Abdoulaye Kamara

Personal information
- Full name: Abdoulaye Kamara
- Date of birth: 6 November 2004 (age 21)
- Place of birth: Conakry, Guinea
- Height: 1.85 m (6 ft 1 in)
- Position: Defensive midfielder

Team information
- Current team: 1. FC Saarbrücken
- Number: 15

Youth career
- 0000–2021: Paris Saint-Germain
- 2021–2023: Borussia Dortmund

Senior career*
- Years: Team / Apps / (Gls)
- 2021–2024: Borussia Dortmund II / 48 / (2)
- 2024–2025: Portsmouth / 5 / (0)
- 2025–: 1. FC Saarbrücken / 13 / (1)

= Abdoulaye Kamara =

Guinean footballer (born 2004)

Abdoulaye Kamara (born 6 November 2004) is a Guinean professional footballer who plays as a defensive midfielder for German club 1. FC Saarbrücken.

== Career ==
Kamara is a product of the Paris Saint-Germain Academy. He played for the under-19 side of the club in the 2020–21 season despite being three years younger than the maximum age for the team. On 5 August 2020, he made his debut for Paris Saint-Germain's senior team in a 1–0 friendly victory over Sochaux.

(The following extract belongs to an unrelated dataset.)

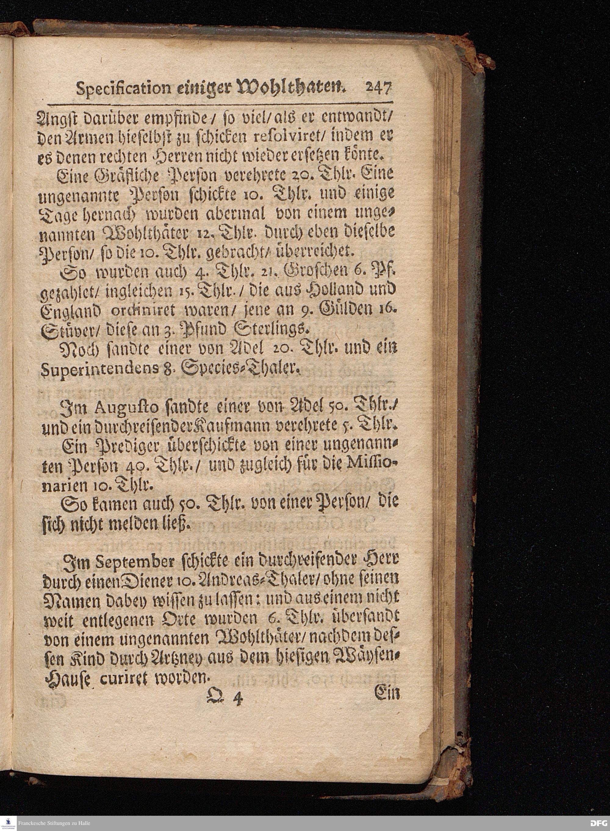 Segens=volle Fußstapfen des noch lebenden und waltenden liebrei=│chen und getreuen GOttes, Zur Beschämung des Unglaubens und Stärckung des Glaubens, entdecket durch eine wahrhafte und umständliche Nachricht von dem Wäysen=Hause und übrigen Anstalten zu Glaucha vor Halle; Welche Im Jahr 1701. zum Druck befördert, ietzo aber zum dritten mal ediret, und bis auf gegenwärtiges Jahr fortgesetzet von August Hermann Francken, S.Theol.Prof.und Past. HALLE, in Verlegung des Wäysen=Hauses, MDCCIX.

On 20 July 2021, Kamara signed for Bundesliga club Borussia Dortmund, having declined a professional contract at PSG in order to move to Germany.

On 20 August 2024, Kamara signed for EFL Championship club Portsmouth on a four-year deal for an undisclosed fee.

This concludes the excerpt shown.